I want a relationship but I feel like I'm not 'relationship material'?

Anonymous
I'm 18, I have never had a serious boyfriend (except online)... I've always wanted to date someone and be in a committed relationship. I would absolutely never cheat on anybody, would never lie to someone I was dating either. I've had crushes on guys and stuff and have told them but they never like me back.

The thing is, I want a relationship, but I feel like I'm not good enough. I'm overweight; not obese but more than chubby, I have a little bit of acne, I have depression (although I hide it from everybody), and I have anxiety. I feel like I won't be good for a guy, and maybe that's the reason no guys ever liked me back in high school.
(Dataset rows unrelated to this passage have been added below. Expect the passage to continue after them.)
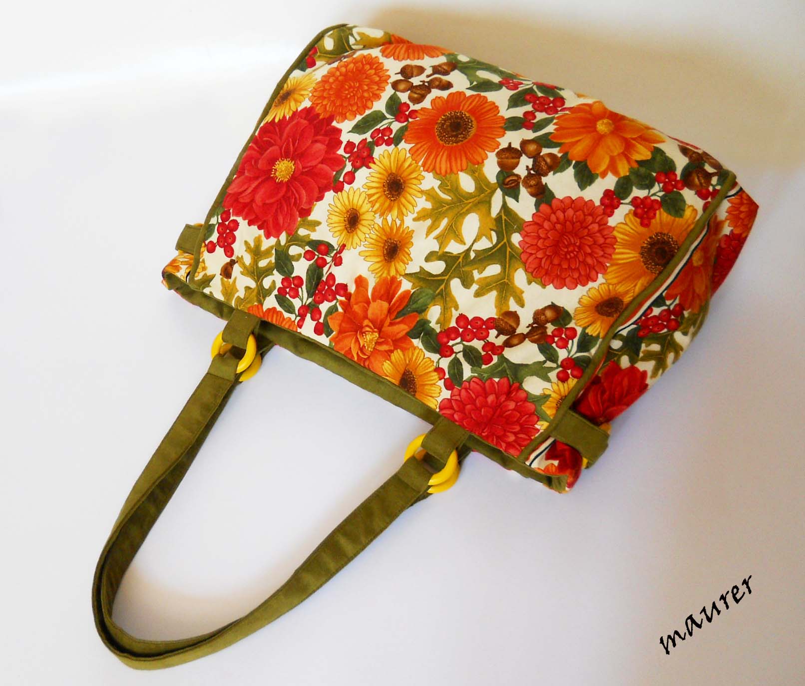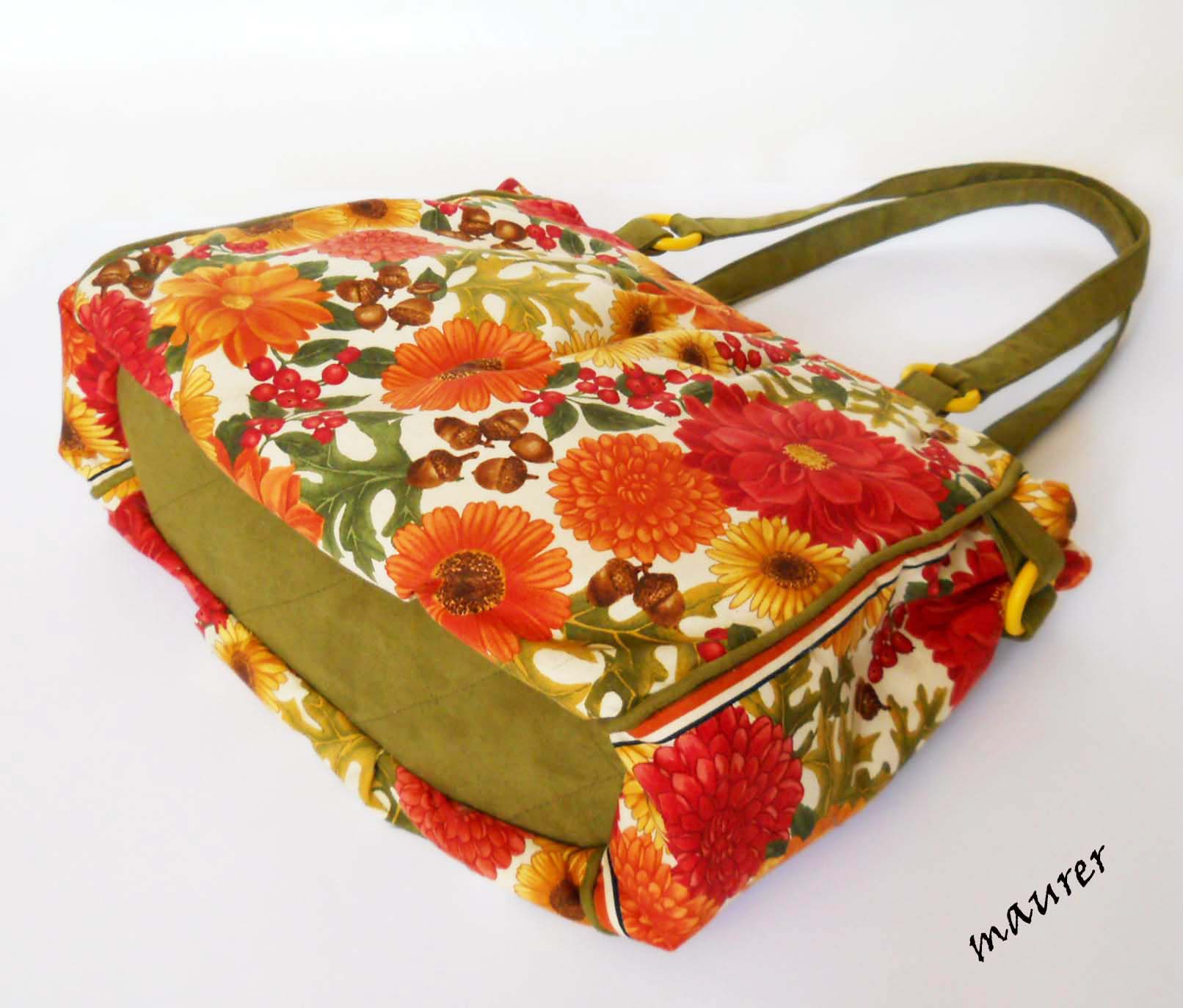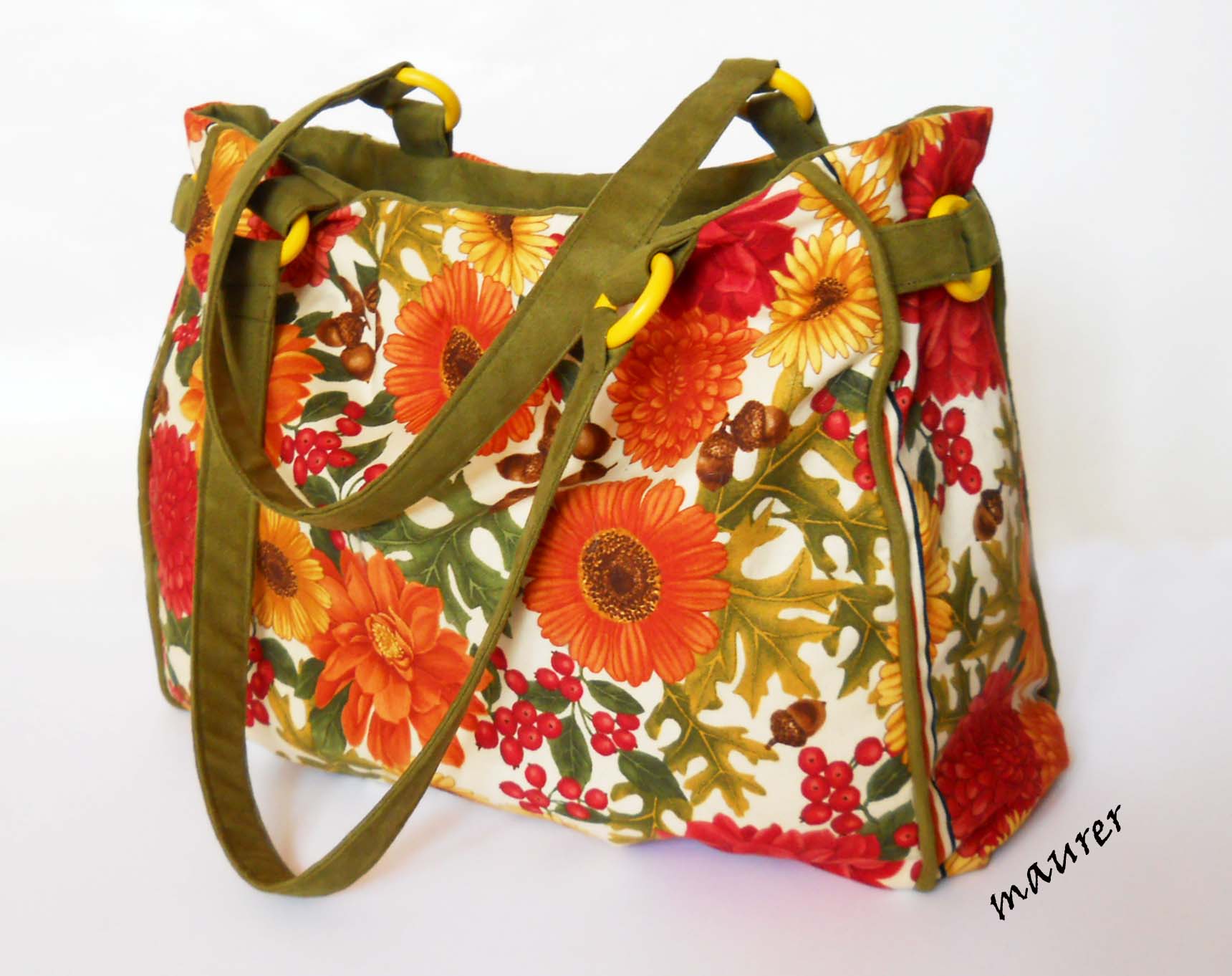 Летняя сумочка "Вересень".Размеры: высота-27, длина-37, ширина-13, ручки-59см. Материалы: американский хлопок, искусственная замша, деревянные кольца. Подкладка искусственный шелк(цвет зеленый, но на фото упорно выглядящий серым). Одно отделение на молнии. На подкладке два кармана. Вложение: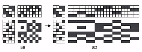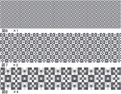 下の図6から図8は、平織りの混織とあすび通しの繰り返しにより図1の柄を拡大したものです。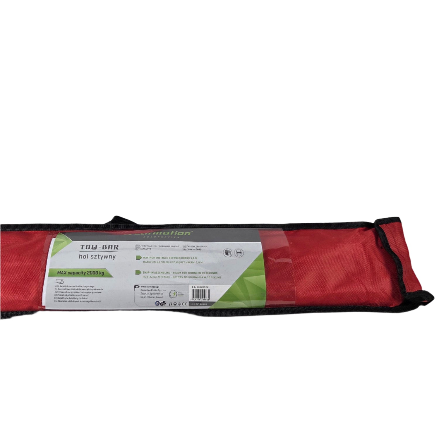 A Vonórúd egy megbízható és praktikus eszköz, amely lehetővé teszi maximum 2000 kg össztömegű járművek biztonságos vontatását. A gyors összeszerelés révén 30 másodpercen belül készen áll a használatra, így ideális megoldás lehet sürgős helyzetekben. A termék három részből áll, amelyek egymáshoz rögzíthetők biztosítócsapokkal, végükön masszív kampókkal. A teljes hossz 1,8 méter, amely optimális távolságot biztosít a vontatott és vontató jármű között. A középső szakaszon piros figyelmeztető jelzés található a jobb láthatóság érdekében.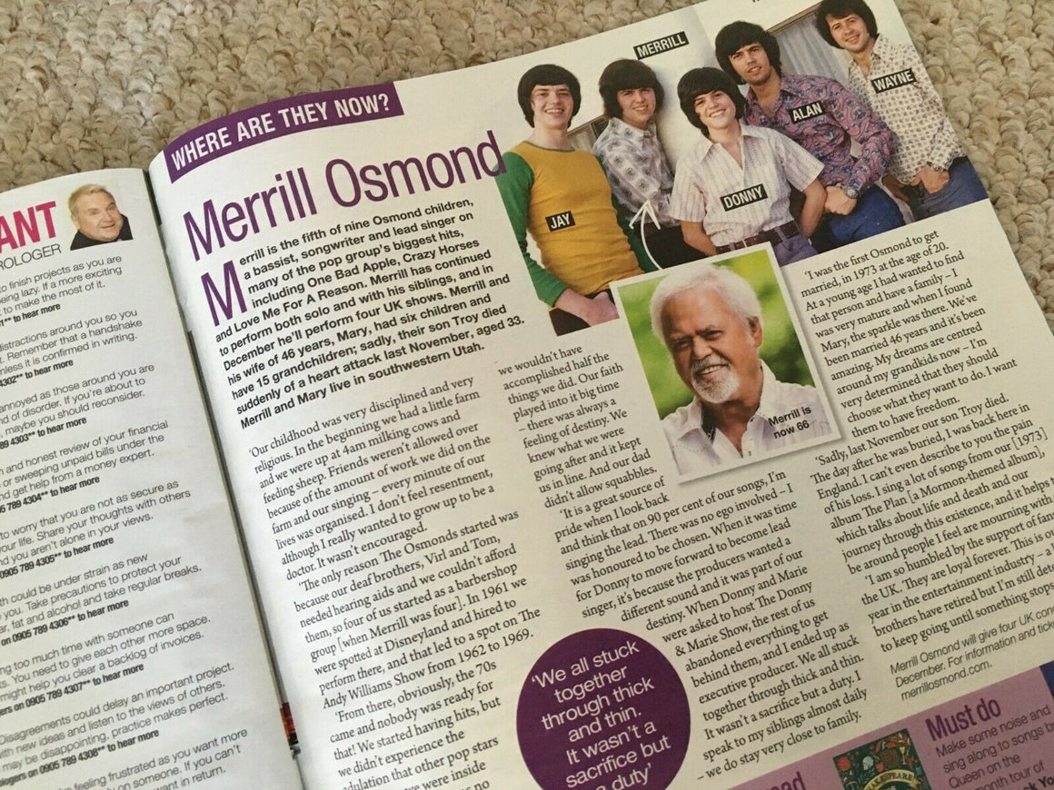 Saturday Magazine - September 14 2019 Excellent Condition Criminal Lovely feature with photos of the stars including David Tennant and Lee Ingelby. Merrill Osmond in depth interview with portrait...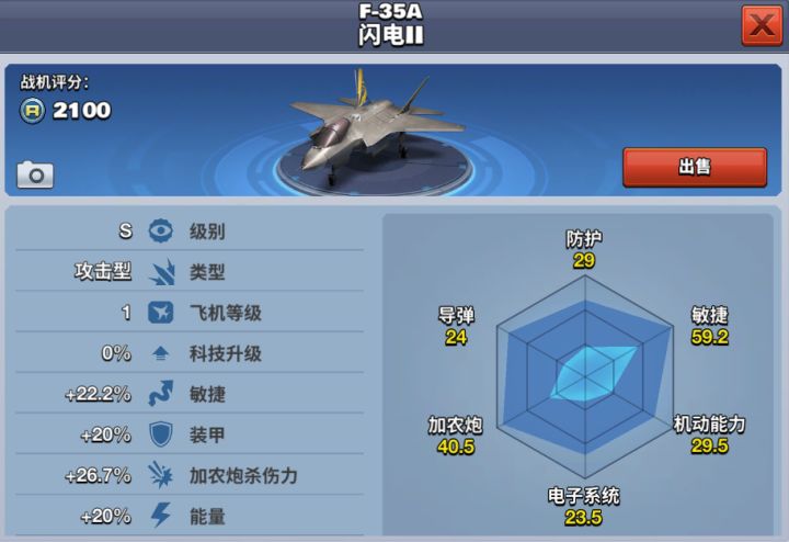 F-35A闪电II是美国一型单座单发战斗机/联合攻击机,在世代上属于第五代战斗机,是世界上最大的单发单座舰载战斗机和世界上唯一一种已服役的舰载第五代战斗机。该机具备较高的隐身设计、先进的电子系统以及一定的超音速巡航能力。主要用于前线支援、目标轰炸、防空截击等多种任务。该架飞机22级解锁,需要消耗140000金币获得,提前购买需要花费4200钻石。F-35A闪电II在战斗时,可以储存非常多的能量,

How come no guys like me? I've been on a blind date before and I did my hair and makeup for almost three hours and picked out a nice outfit and everything, but he still didn't like me. :/ I'm beginning to lose hope that I'll ever date anybody! All my friends have boyfriends and its not that I want to be like them, it's just that I want to know how it feels to be in love with somebody. My mom talks about her boyfriend and stuff and says 'I truly hope that one day you can feel how I feel with this guy, I hope someday you can be in love with the love of your life'. WELL maybe it'll never happen LOL.
I want a relationship but I feel like I'm not 'relationship material'?